An equal number of Democrats and Republicans were surveyed and the results were surprisingly balanced, indicating support across party lines.

In fact, 94 percent want the government to better balance energy production protecting water and air; 91 percent of want Congress to lead a "national agenda for clean energy and protecting America's water and air;" and 86 percent want a shift from coal and nuclear energy to wind and solar.

According to 92 percent of respondents, "U.S. energy planning and decision making" should be based on "a comprehensive understanding of what our national water resources are." Congress has asked for a national water roadmap but it never materialized.

The results of the survey should be a "wake-up call for federal elected officials," according to Pam Solo, president and founder of CSI.

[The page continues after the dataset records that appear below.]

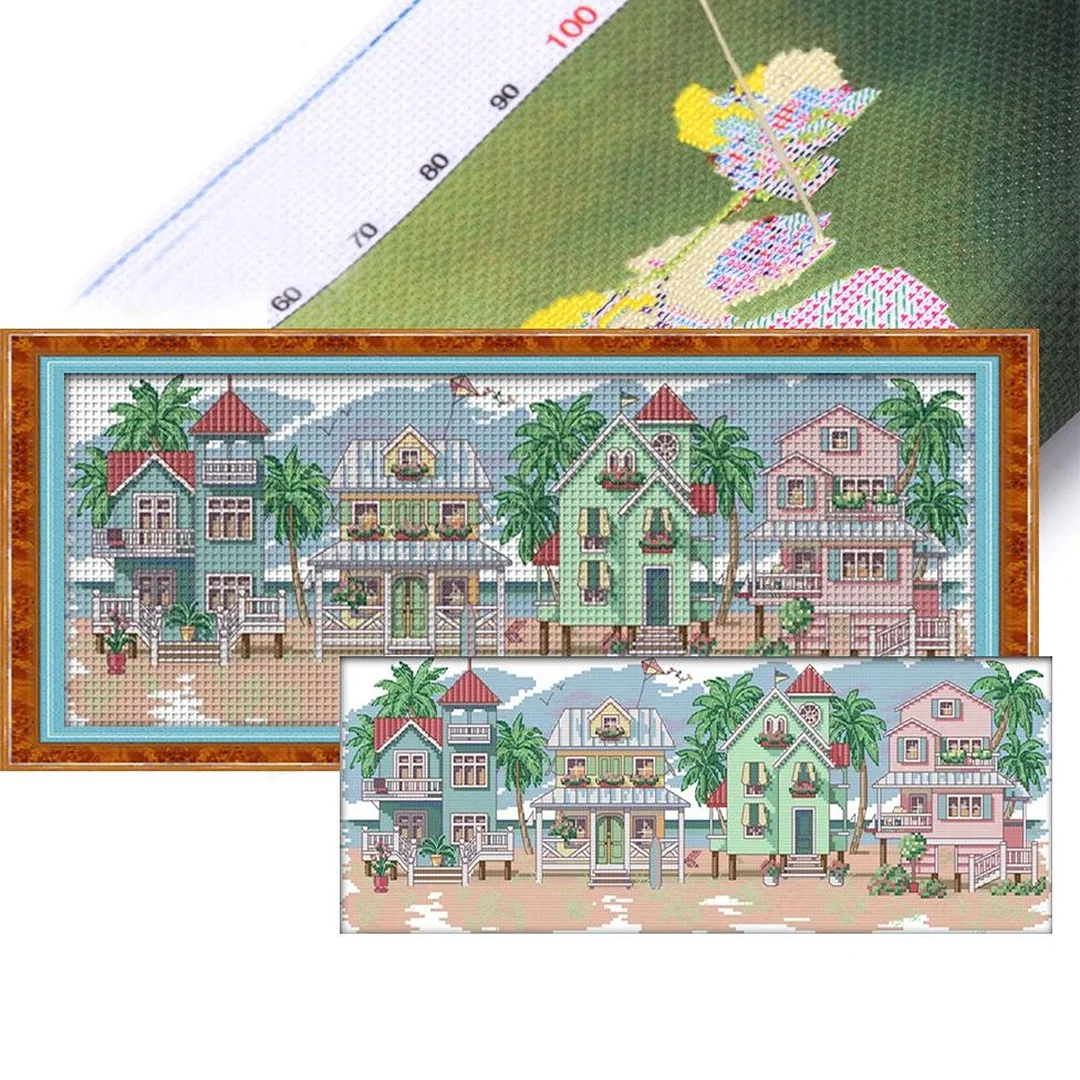 (Small Size)[Brand]Seaside Village - 14CT Stamped Cross Stitch - 54*21cm
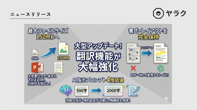 生成AI搭載の「ヤラク翻訳」、アップロード可能なファイル容量を従来の“3.3倍”の150MBに拡大|Wordの書式崩れ(太字・ハイパーリンク等)を解消
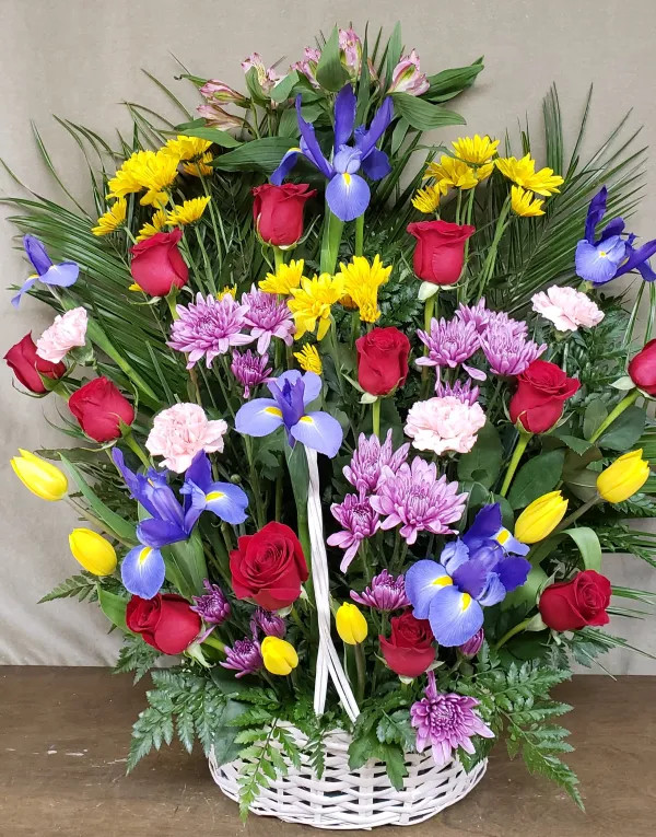 A large basket with lots of colors, red Roses, purple and yellow Iris, yellow Tulips, blue and yellow Daisies, and white Carnations.
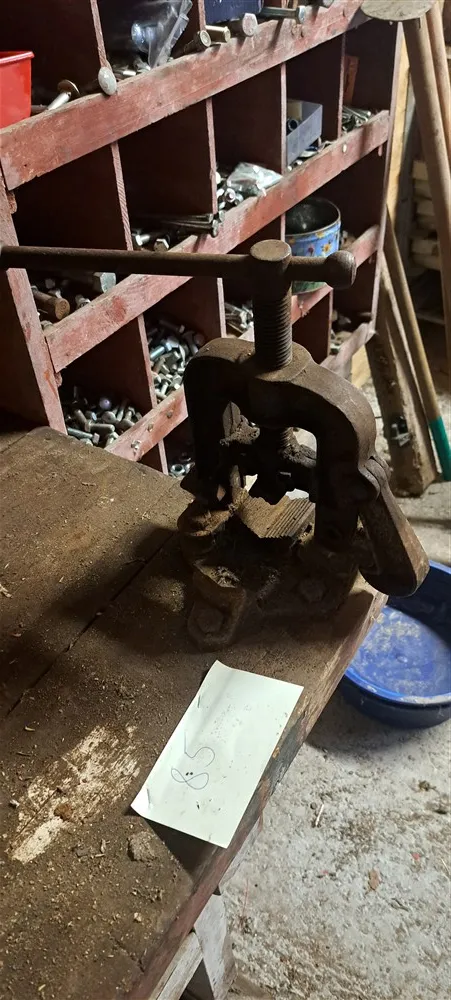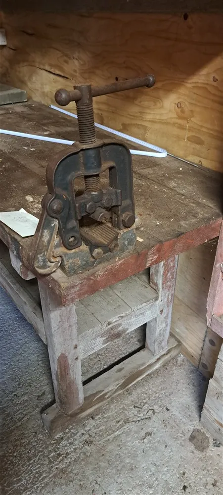 Bänk med rörskruvstycke

"The voracious appetite that conventional energy such as gas, oil, coal and nuclear power has on water availability is increasingly a problem for many parts of the country," Solo said. "When given a menu of choices and not asked a simple 'yes or no' question, Americans weigh our options and come down in favor of increased energy efficiency and low environmental impact and healthier energy futures such as wind and solar power.

"The distance between what the public values and where political decision makers are headed should be seen as an opportunity for real leadership at the federal level. Energy policy is at the heart of our economic prosperity, public health, and national security. And Americans overwhelmingly want a voice that can counter the undue influence of the energy industries that have a stake in business as usual," she said.